With a stable domestic political and social environment thanks to the mature administration of President Xi Jinping, China has gained a lot of experience and economic strength to deal with foreign relations, said Zhang. "The stability of the Chinese government will help the two sides through the adaptation period after the Trump administration kicks off," Zhang said, adding that China is willing to cooperate with the US to form a sound relationship between the world's two biggest economies.

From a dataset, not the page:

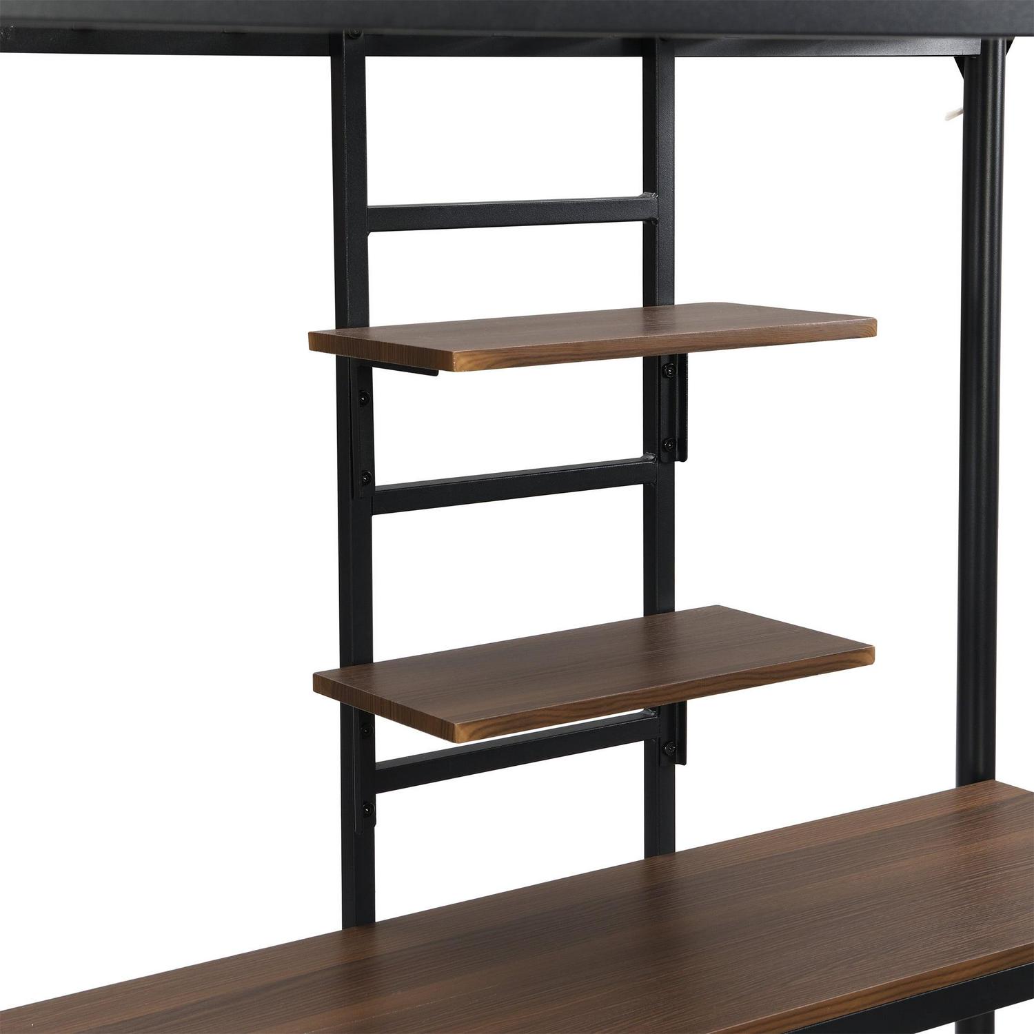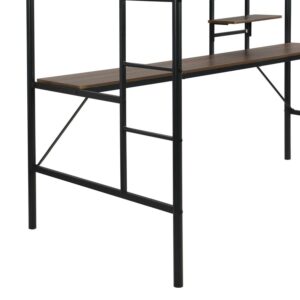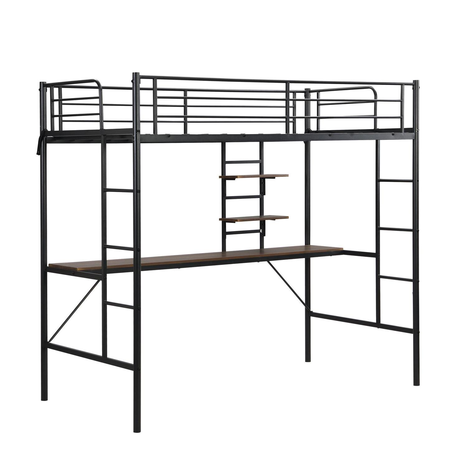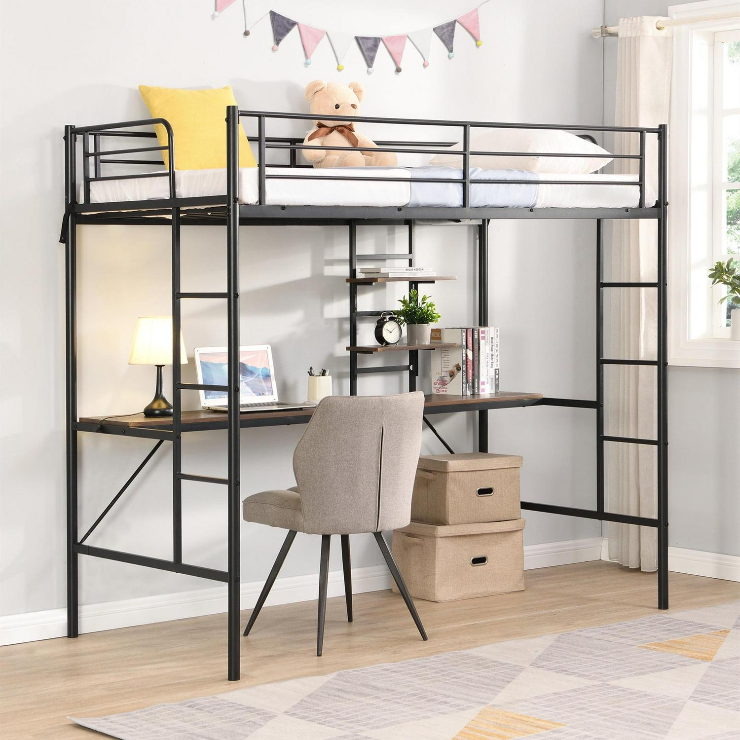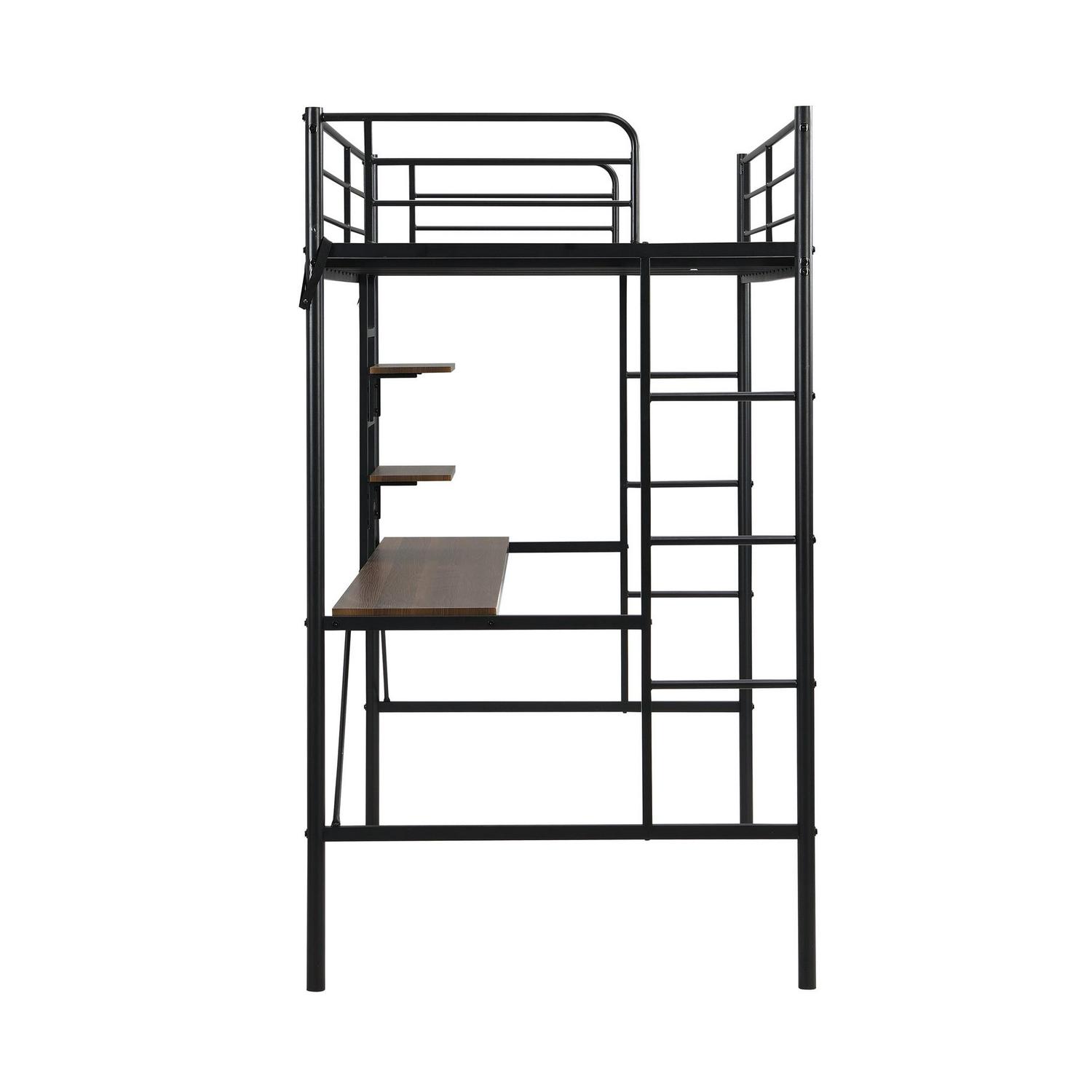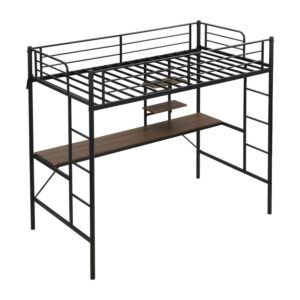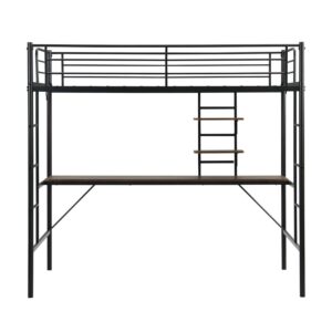 Aukfa Metal Twin Loft Bed with Desk and Storage Shelves for Kids Teens Bedroom Dorm, Black

In the face of possible challenges from Trump, Jia said, China should first maintain composure and not rush to make conclusions but observe more. In the meantime, China will uphold its bottom line, including the one-China policy and other issues concerning sovereignty and territorial integrity.

President-elect Trump made a protocol-breaking phone call with Taiwan leader Tsai Ing-wen, and also said on Twitter and to the media that "everything is under negotiation including one China." His provocative behavior immediately provoked an outcry from China's Ministry of Foreign Affairs, which stated the one-China policy is the political foundation of bilateral ties and "non-negotiable."

"China is open to improving communication with the US to enhance cooperation in fields where the two sides can work together, and establish a conflict-control mechanism to deal with existing problems," Jia told the Global Times.

The Chinese public has reacted calmly, both online and offline, to Trump's remarks over China, but has followed the political and social scenarios surrounding Trump like a TV drama.

Hot spots

Among all potential hot spots, the Taiwan question will be the most sensitive topic between China and the US, but China will in no way concede or compromise on issues concerning core national interests, experts said.

"Trump may again make unpredictable remarks and actions on the Taiwan question after he takes office, but he will likely choose not to publicly challenge the one-China policy," said Wang Jianmin, a Taiwan-affairs expert with the Chinese Academy of Social Sciences. For decades, the US government has abided by its commitments on the principles of the Three Joint Communiqués between China and the US. So if Trump wants to act as a sophisticated politician rather than an adventurous businessman, he will possibly go back to respect this framework after becoming president, Wang said.

So far China has held a restrained attitude toward Trump, out of respect to his position as US president-elect.

"It will be unwise and unfeasible for Trump to use the Taiwan question as a bargaining chip with China to gain benefits on business and trade," Wang said. Radical actions that challenge the one-China policy will provoke Beijing to respond strongly, including choosing not to cooperate with the US when dealing with significant international affairs.

A deteriorating China-US relationship will impede the world's peace and stability, Wang noted.  "If a trade war breaks out between China and the US, it will also be catastrophic for the US."